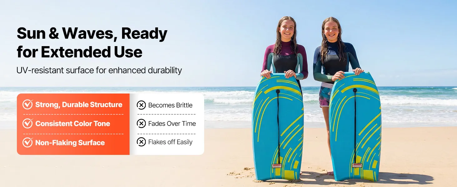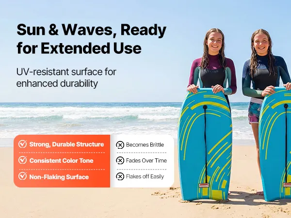 Dieses Bodyboard ist mit einer UV-beständigen Oberfläche ausgestattet, um der Sonneneinstrahlung standzuhalten, und zeichnet sich durch eine robuste Struktur, einen gleichmäßigen Farbton und eine nicht abblätternde Oberfläche für langanhaltenden Wellenreitspaß aus.
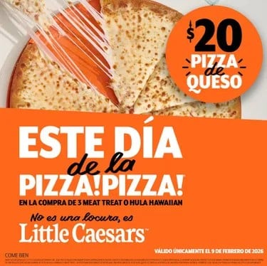 Little Caesars se unió, como ya es costumbre, a esta celebración con una promoción en sus pizzas de queso que podrán ser adquiridas a solo 20 pesos en la compra de una 3 Meat Treat de pepperoni, salchicha italiana y tocino o una Hula Hawaiian de jamón y piña.
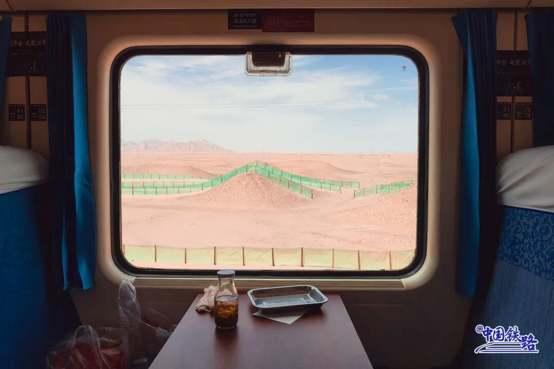简介:沿途能看到阻沙坝和防沙网,一道道保护铁路运输的防线成为沙漠中的独特风景。
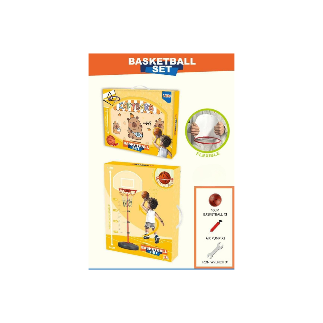 A fun and interactive kids basketball set designed to help children enjoy sports while developing coordination and motor skills. The set features a flexible backboard, an adjustable-height stand, and everything needed to start playing right away. Perfect for indoor or outdoor use, it encourages active play, confidence, and a love for basketball from an early age.
+--
The job here is to retype the data exactly, with no pictures included.

 Dieses Bodyboard ist mit einer UV-beständigen Oberfläche ausgestattet, um der Sonneneinstrahlung standzuhalten, und zeichnet sich durch eine robuste Struktur, einen gleichmäßigen Farbton und eine nicht abblätternde Oberfläche für langanhaltenden Wellenreitspaß aus.
 Little Caesars se unió, como ya es costumbre, a esta celebración con una promoción en sus pizzas de queso que podrán ser adquiridas a solo 20 pesos en la compra de una 3 Meat Treat de pepperoni, salchicha italiana y tocino o una Hula Hawaiian de jamón y piña.
简介:沿途能看到阻沙坝和防沙网,一道道保护铁路运输的防线成为沙漠中的独特风景。
 A fun and interactive kids basketball set designed to help children enjoy sports while developing coordination and motor skills. The set features a flexible backboard, an adjustable-height stand, and everything needed to start playing right away. Perfect for indoor or outdoor use, it encourages active play, confidence, and a love for basketball from an early age.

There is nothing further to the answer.